▶ [AVAILABLE DATA]:
--- START ---

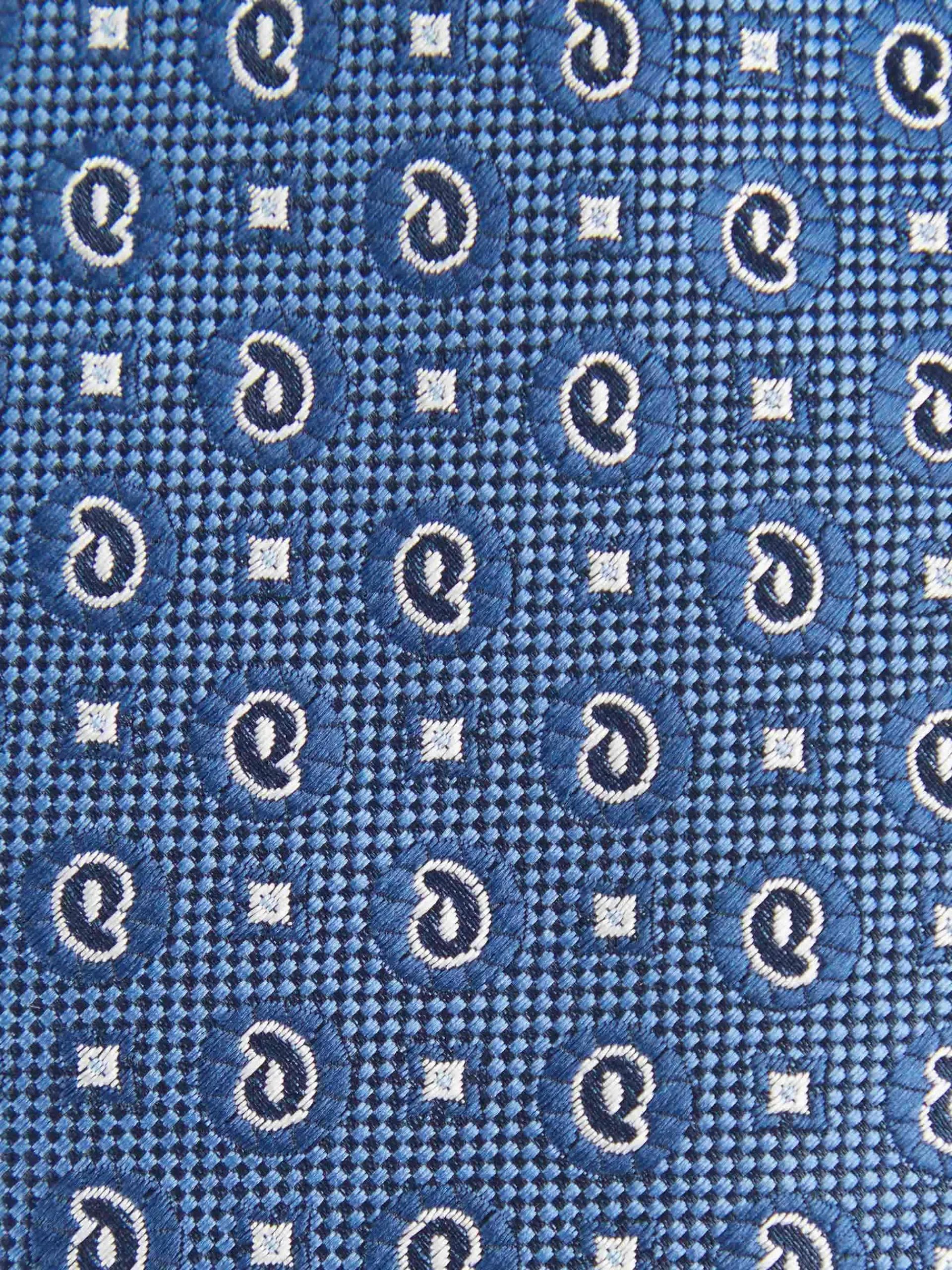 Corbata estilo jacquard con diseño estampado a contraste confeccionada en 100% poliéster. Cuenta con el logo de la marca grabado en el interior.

--- END ---
--- START ---

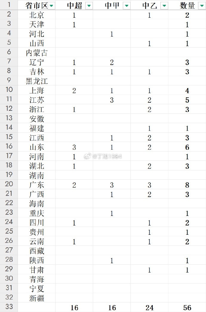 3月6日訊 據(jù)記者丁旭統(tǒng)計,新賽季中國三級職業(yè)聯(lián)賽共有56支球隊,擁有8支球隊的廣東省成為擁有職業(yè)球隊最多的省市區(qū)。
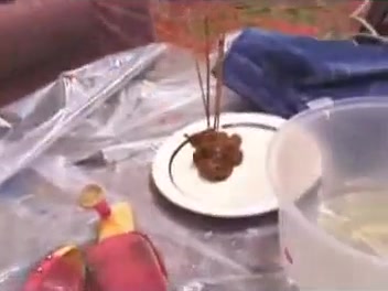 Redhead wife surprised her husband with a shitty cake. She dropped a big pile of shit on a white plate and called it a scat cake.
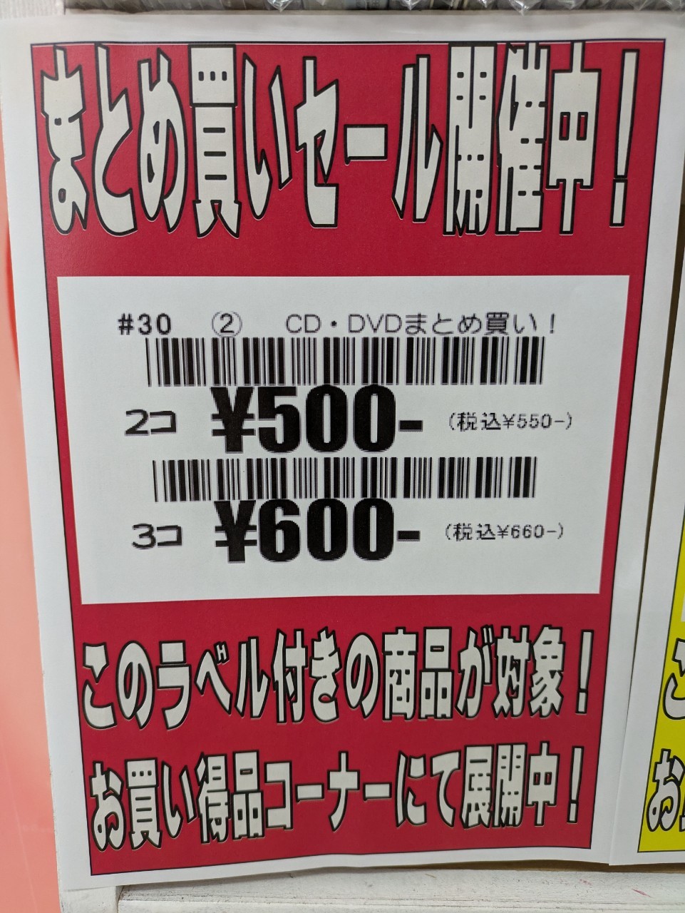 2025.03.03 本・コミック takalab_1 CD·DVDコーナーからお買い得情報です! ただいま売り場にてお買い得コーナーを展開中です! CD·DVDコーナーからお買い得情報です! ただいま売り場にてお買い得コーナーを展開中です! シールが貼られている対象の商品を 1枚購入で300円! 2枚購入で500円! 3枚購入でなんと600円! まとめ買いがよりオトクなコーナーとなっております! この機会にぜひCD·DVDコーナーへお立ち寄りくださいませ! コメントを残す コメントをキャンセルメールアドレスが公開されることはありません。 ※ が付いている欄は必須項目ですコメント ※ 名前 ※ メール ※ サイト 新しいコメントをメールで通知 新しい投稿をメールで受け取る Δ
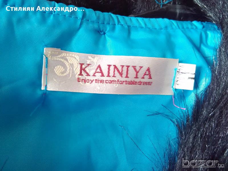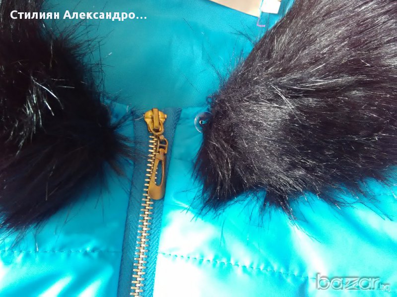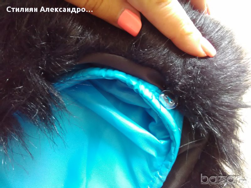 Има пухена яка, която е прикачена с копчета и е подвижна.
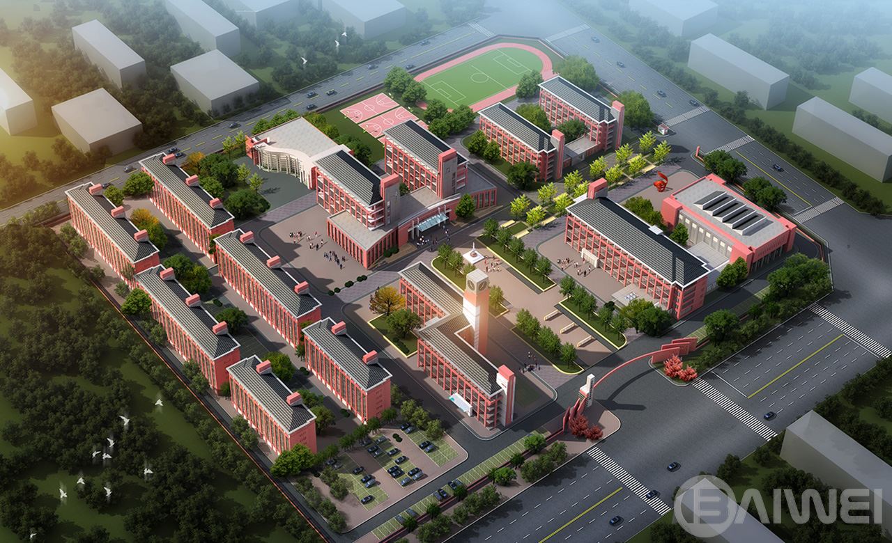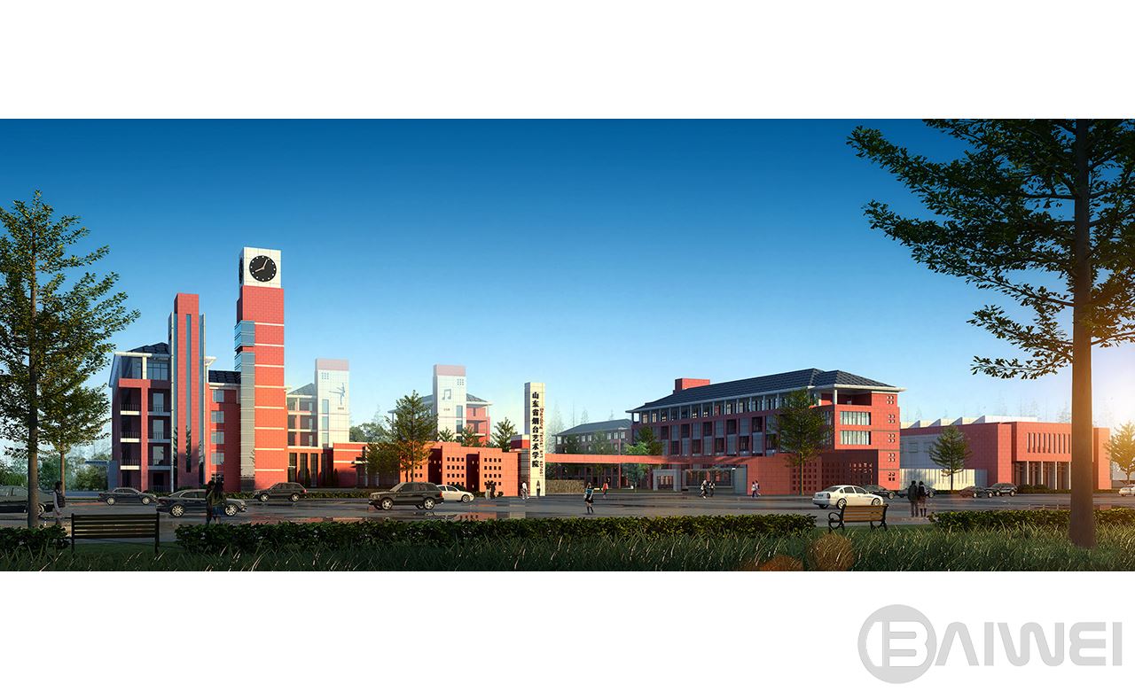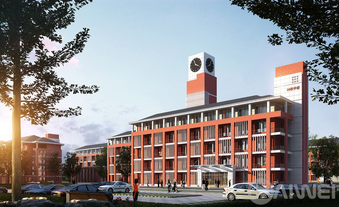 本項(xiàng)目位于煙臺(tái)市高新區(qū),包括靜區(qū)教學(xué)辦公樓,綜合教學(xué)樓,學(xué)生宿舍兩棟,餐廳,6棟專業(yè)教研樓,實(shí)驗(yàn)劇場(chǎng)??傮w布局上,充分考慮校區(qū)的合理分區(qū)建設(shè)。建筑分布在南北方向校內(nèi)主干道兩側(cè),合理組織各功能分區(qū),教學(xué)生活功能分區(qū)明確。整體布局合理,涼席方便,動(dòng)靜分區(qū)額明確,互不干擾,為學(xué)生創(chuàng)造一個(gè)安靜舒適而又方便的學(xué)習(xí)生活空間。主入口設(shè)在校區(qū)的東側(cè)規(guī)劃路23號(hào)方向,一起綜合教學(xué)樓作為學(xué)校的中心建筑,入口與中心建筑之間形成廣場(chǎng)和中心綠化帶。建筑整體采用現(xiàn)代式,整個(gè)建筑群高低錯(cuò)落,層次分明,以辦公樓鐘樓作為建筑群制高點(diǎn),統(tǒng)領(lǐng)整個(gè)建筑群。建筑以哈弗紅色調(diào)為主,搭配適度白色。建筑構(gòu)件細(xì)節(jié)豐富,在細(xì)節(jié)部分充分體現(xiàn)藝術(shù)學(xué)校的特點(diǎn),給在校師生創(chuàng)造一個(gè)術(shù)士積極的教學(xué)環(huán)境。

--- END ---

▶ [YOUR ASSIGNMENT]:
Quote the data above exactly from the line with "3月6日訊 據(jù)記者丁" to the line with "Има пухена яка, която", both ends counted, and nothing else. Pictures don't go in.

▶ [TASK OUTPUT]:
 3月6日訊 據(jù)記者丁旭統(tǒng)計,新賽季中國三級職業(yè)聯(lián)賽共有56支球隊,擁有8支球隊的廣東省成為擁有職業(yè)球隊最多的省市區(qū)。
 Redhead wife surprised her husband with a shitty cake. She dropped a big pile of shit on a white plate and called it a scat cake.
 2025.03.03 本・コミック takalab_1 CD·DVDコーナーからお買い得情報です! ただいま売り場にてお買い得コーナーを展開中です! CD·DVDコーナーからお買い得情報です! ただいま売り場にてお買い得コーナーを展開中です! シールが貼られている対象の商品を 1枚購入で300円! 2枚購入で500円! 3枚購入でなんと600円! まとめ買いがよりオトクなコーナーとなっております! この機会にぜひCD·DVDコーナーへお立ち寄りくださいませ! コメントを残す コメントをキャンセルメールアドレスが公開されることはありません。 ※ が付いている欄は必須項目ですコメント ※ 名前 ※ メール ※ サイト 新しいコメントをメールで通知 新しい投稿をメールで受け取る Δ
 Има пухена яка, която е прикачена с копчета и е подвижна.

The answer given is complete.